Politicians should only be of two kinds: those who truly care about the welfare of the country and its people as a whole, and those who should never be allowed to set foot in a parliament.

Brexit and Italy’s future in the EU

In the wake of the Brexit result, however, the consolidation of the Movement’s credentials takes on a different meaning.

Overall it is not great news for the European Union. Italy, a founding member of the EU, might very soon follow Britain’s example and say “ciao” to Europe. Grillo has always been a harsh critic of the EU. His ideal has always been to abandon the euro, return to the lira and redefine the EU’s rules to allow more governing freedom for its members.
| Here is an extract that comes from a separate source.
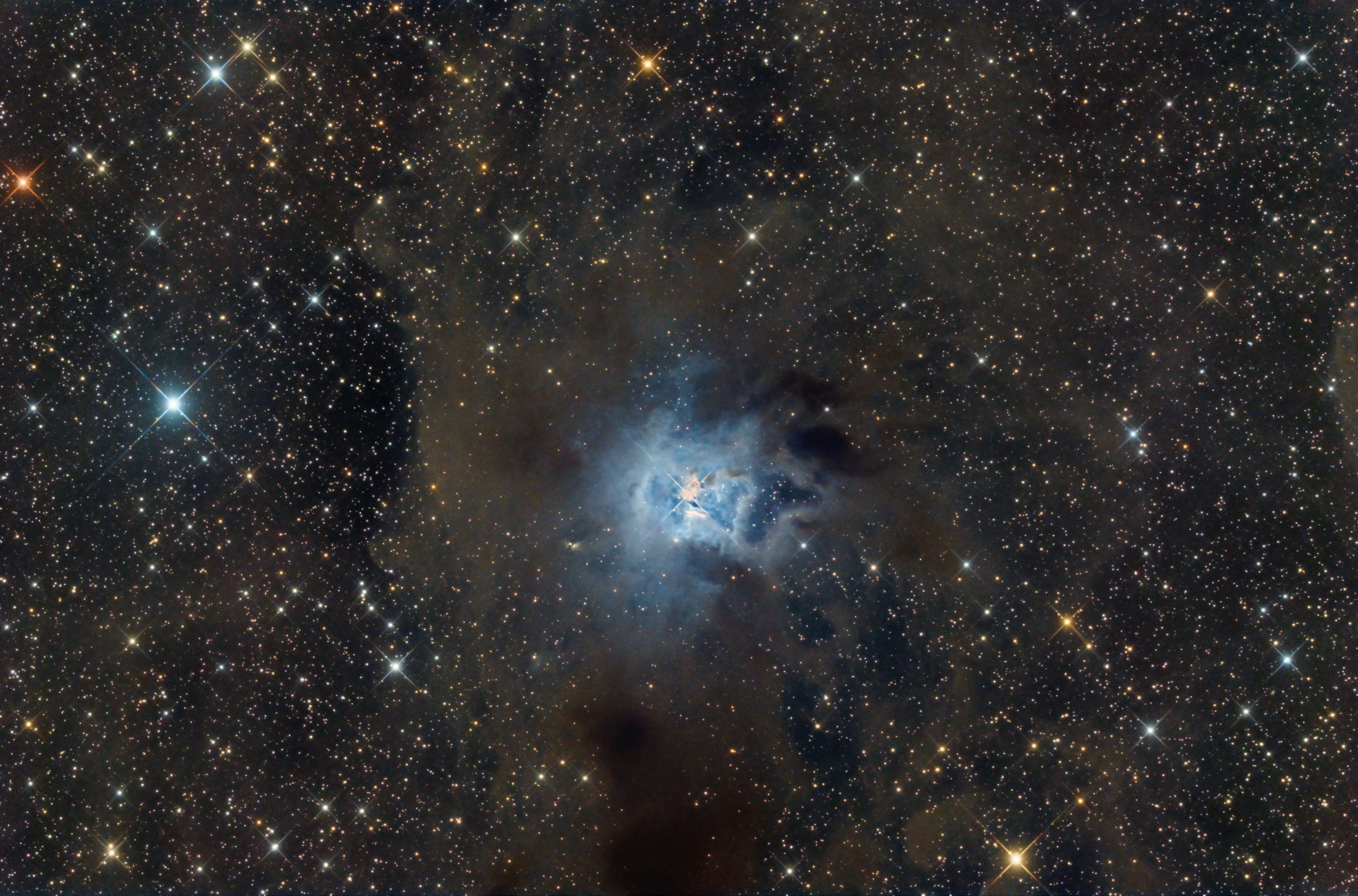 Der sich in rund 1300 Lichtjahren Entfernung befindliche bläuliche Reflexionsnebel erinnert in seinem Aussehen stark an das Bild einer Iris-Blume. Die dominante Farbe des Reflexionsnebels ist blau, da das Sternenlicht des zentralen hellen jungen Sterns an den Staubpartikeln gestreut wird. Die schwachen rot sichtbaren Filamente im Zentralbereich entstehen durch Fotolumineszenz, da ein Teil der Staubpartikel das unsichtbare UV-Licht in sichtbares rötliches Licht konvertiert. Der blaue Zentralbereich des Iris-Nebels weist einen Durchmesser von rund sechs Lichtjahren auf. Aufgenommen im Spätsommer 2016 und 2017 und soeben ausgearbeitet 2018.

Last year, Grillo and his Movement attracted criticism for joining forces at the EU Parliament with Nigel Farage’s far-right British group UKIP (and the main advocate of Brexit) “to bring down the EU”. Just before the British went to vote, Grillo’s blog published a ten-point clarification on the Movement’s stance on Brexit.

brexit. youtube

Grillo reassured his readers that the Movement believes in the EU, otherwise it would have not taken part in the last European election. He reminded readers that the Movement has the second-largest Italian contingent at the EU Parliament and believes the EU must be reformed substantially, but from within.

The text is, however, a re-edited watered-down version of a previous post (still available through Google cache) that expressed a much more negative stance on the EU, not very much unlike that of the Leave campaign in Britain.

So, if the Movement’s candidates sweep the next general election in 2018, if not an uscITA (the Italian version of Brexit), at the very least we may expect a hard renegotiation of Italy’s EU membership. Commenting on the elections and on Brexit, Luigi Di Maio, the deputy president of the Lower House of Parliament and the most popular Five Star Movement MP, said that the Movement wants a:

… consultative referendum on the euro. The euro as it is today does not work. We either have alternative currencies or a Euro 2.

Twitter

Through its twitter account and Grillo’s blog the Movement commented:

Brexit sanctions the failure of the banks, of austerity policies, of the selfish interests of those who negotiate in secret the TTIP (the Transatlantic Trade and Investment Partnership). Now it is enough.

Though the future is never easy to predict, in a few years we might look back at this past week and realise with painful hindsight that the results of Italy’s local elections and the British vote were the dark omens announcing the end of the European dream.